▶ Problem to work on:
With pictures excluded, retype exactly every line from the one containing "Brabantia Bo Touch" to the end of the records below.

[Records from a dataset]

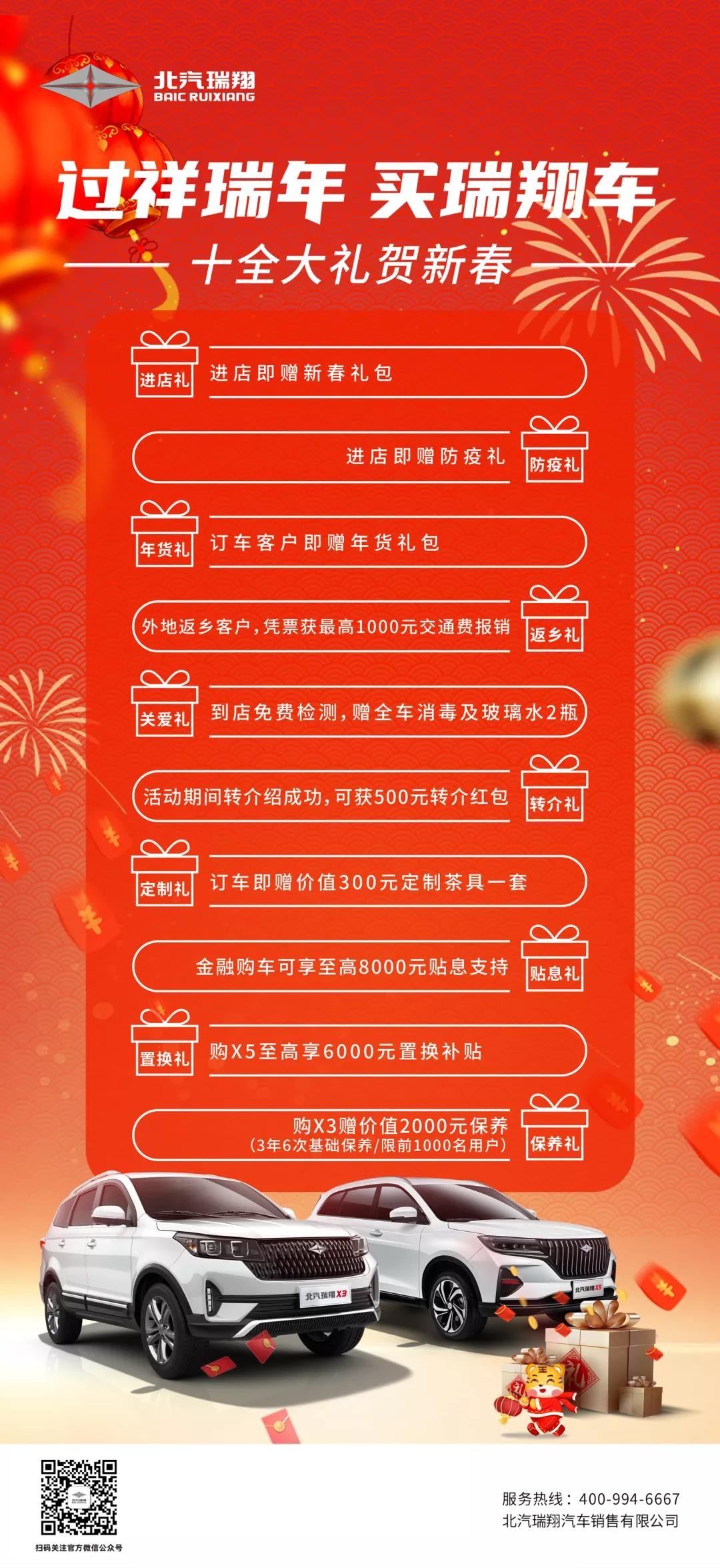 选择没有最佳,只有更佳。高品质适配春节出行需求,让劳动所得每一分花得值,更有诚意新春好礼相赠,这个春节,用年终奖购买一台北汽瑞翔X5是一个不错的选择。过祥瑞年,买瑞翔车,新春来临之际,北汽瑞翔祝福您在新的一年里,笃行不怠,勇往直前,向着新时代的幸福生活不断前行。
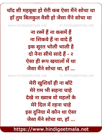 Lyrics of Chand Si Mehbooba Ho Meri - चाँद सी महबूबा हो मेरी
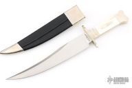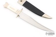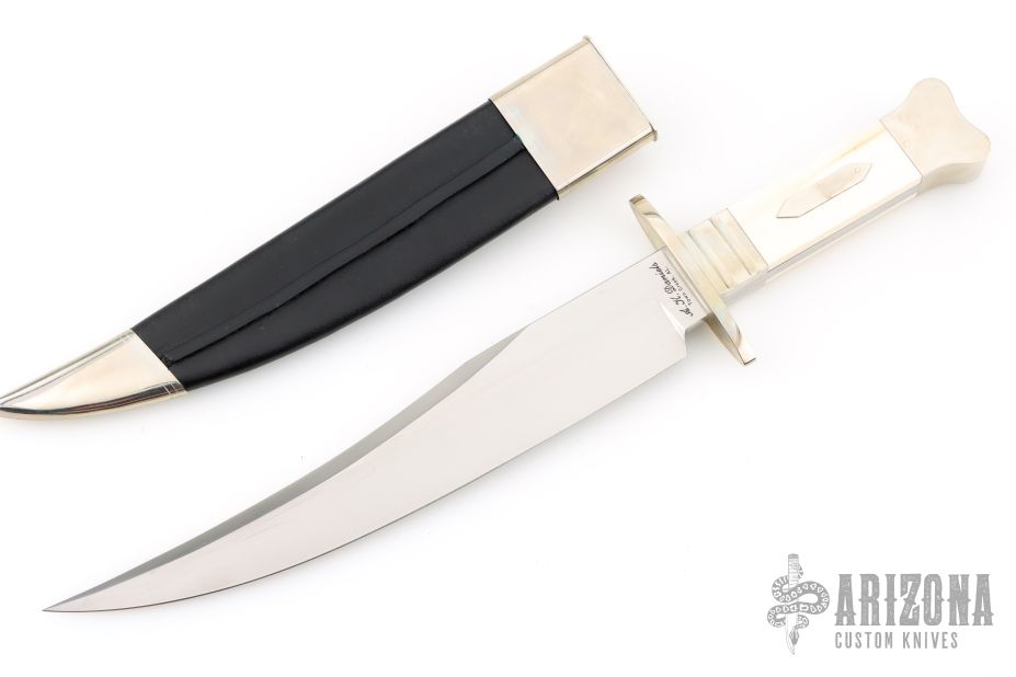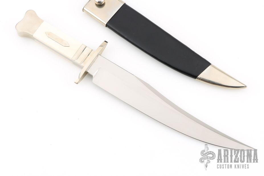 This bowie by Alex Daniels features a hand rub satin finished blade with a false top edge, .235" blade stock and 1.423" blade depth, hidden tang construction. The handle has a nickel silver guard and fluted bolsters, nickel silver dog bone butt. Comes with a black leather and nickel silver scabbard, the sheath has been cut through on the front and is very tight. Has a few light scratches, otherwise excellent condition.
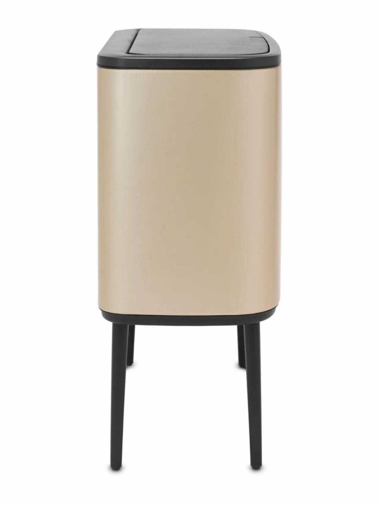 Brabantia Bo Touch Bin roska-astia on sekä käytännöllinen että kaunis. Valitse itsellesi sopiva kokonaisuus yhdellä, kahdella tai kolmella sisäastialla. Jalkojen tuoman korkeuden ansiosta ei tarvitse kumarrella ja lattiat on helppo puhdistaa myös alta. Muotoilunsa ansiosta Bo -roska-astia mahtuu tiiviisti seinää vasten. Kansi avautuu äänettömästi kevyestä kosketuksesta. Tyhjennys ja roskapussin vaihto sujuvat vaivattomasti ulosvedettävän muovisen sisäastian avulla, pussien reunat jäävät piiloon kannen alle. Pakkauksessa mukana myös näytekappaleita täydellisesti istuvista Brabantia PerfectFit- roskapusseista (koodi J ja X). Tuote on valmistettu ympäristö huomioiden, josta osoituksena on Cradle to Cradle- setifikaatti. 10 vuoden takuu. Valmistettu Belgiassa.
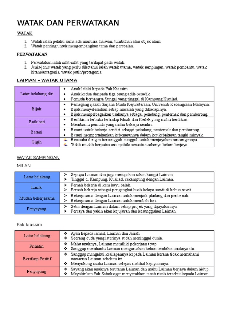 Skema Jawapan Novel Watak Utama Laiman Tingkatan 2
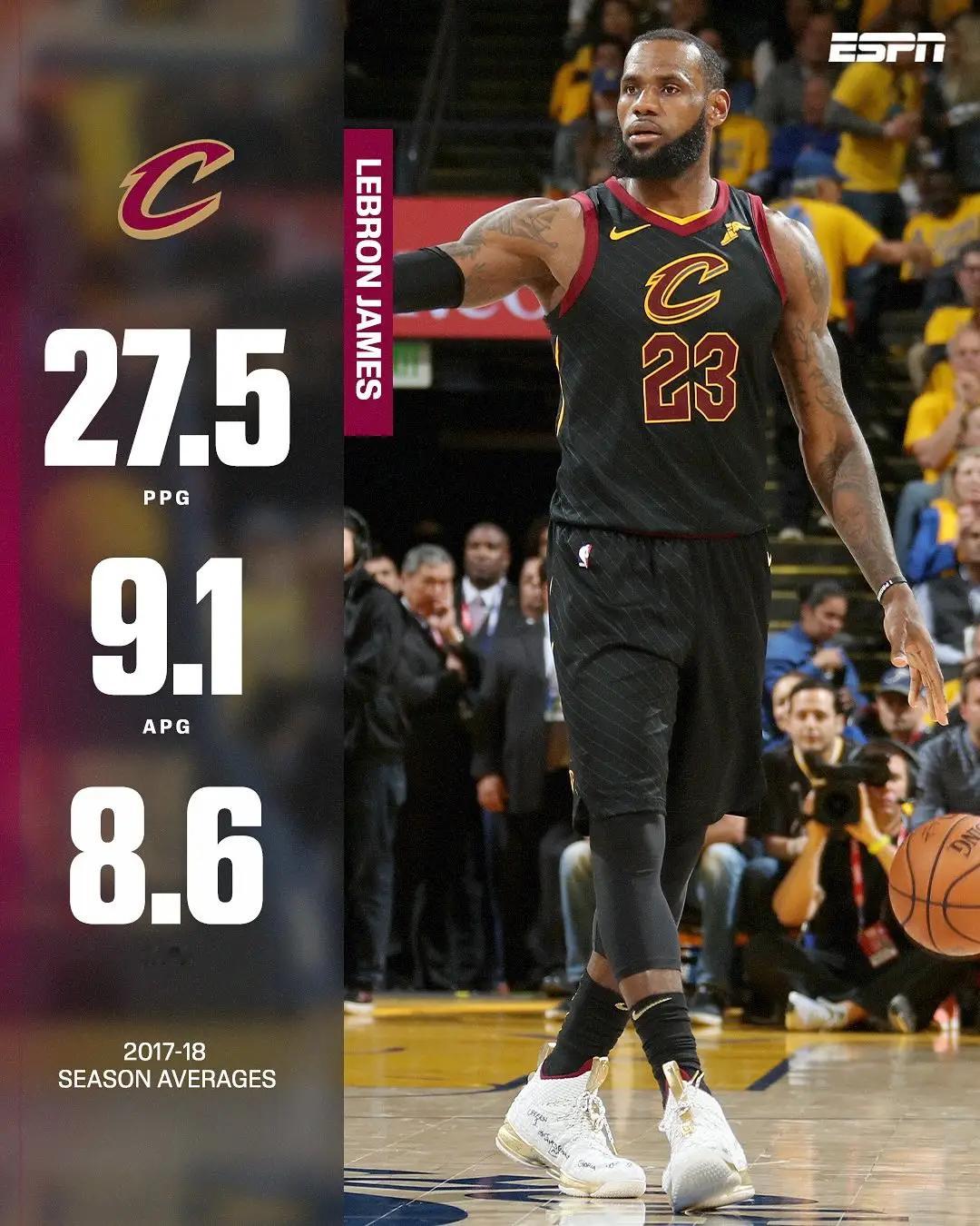 詹姆斯说2017-18赛季是他最巅峰的一年,那个赛季,詹姆斯常规赛场均27.5分8.6篮板9.1助攻1.4抢断,季后赛场均34分9.1篮板9助攻1.4抢断1盖帽,单赛季保持82场常规赛和季后赛的全勤。

▶ Solution to the problem:
 Brabantia Bo Touch Bin roska-astia on sekä käytännöllinen että kaunis. Valitse itsellesi sopiva kokonaisuus yhdellä, kahdella tai kolmella sisäastialla. Jalkojen tuoman korkeuden ansiosta ei tarvitse kumarrella ja lattiat on helppo puhdistaa myös alta. Muotoilunsa ansiosta Bo -roska-astia mahtuu tiiviisti seinää vasten. Kansi avautuu äänettömästi kevyestä kosketuksesta. Tyhjennys ja roskapussin vaihto sujuvat vaivattomasti ulosvedettävän muovisen sisäastian avulla, pussien reunat jäävät piiloon kannen alle. Pakkauksessa mukana myös näytekappaleita täydellisesti istuvista Brabantia PerfectFit- roskapusseista (koodi J ja X). Tuote on valmistettu ympäristö huomioiden, josta osoituksena on Cradle to Cradle- setifikaatti. 10 vuoden takuu. Valmistettu Belgiassa.
 Skema Jawapan Novel Watak Utama Laiman Tingkatan 2
 詹姆斯说2017-18赛季是他最巅峰的一年,那个赛季,詹姆斯常规赛场均27.5分8.6篮板9.1助攻1.4抢断,季后赛场均34分9.1篮板9助攻1.4抢断1盖帽,单赛季保持82场常规赛和季后赛的全勤。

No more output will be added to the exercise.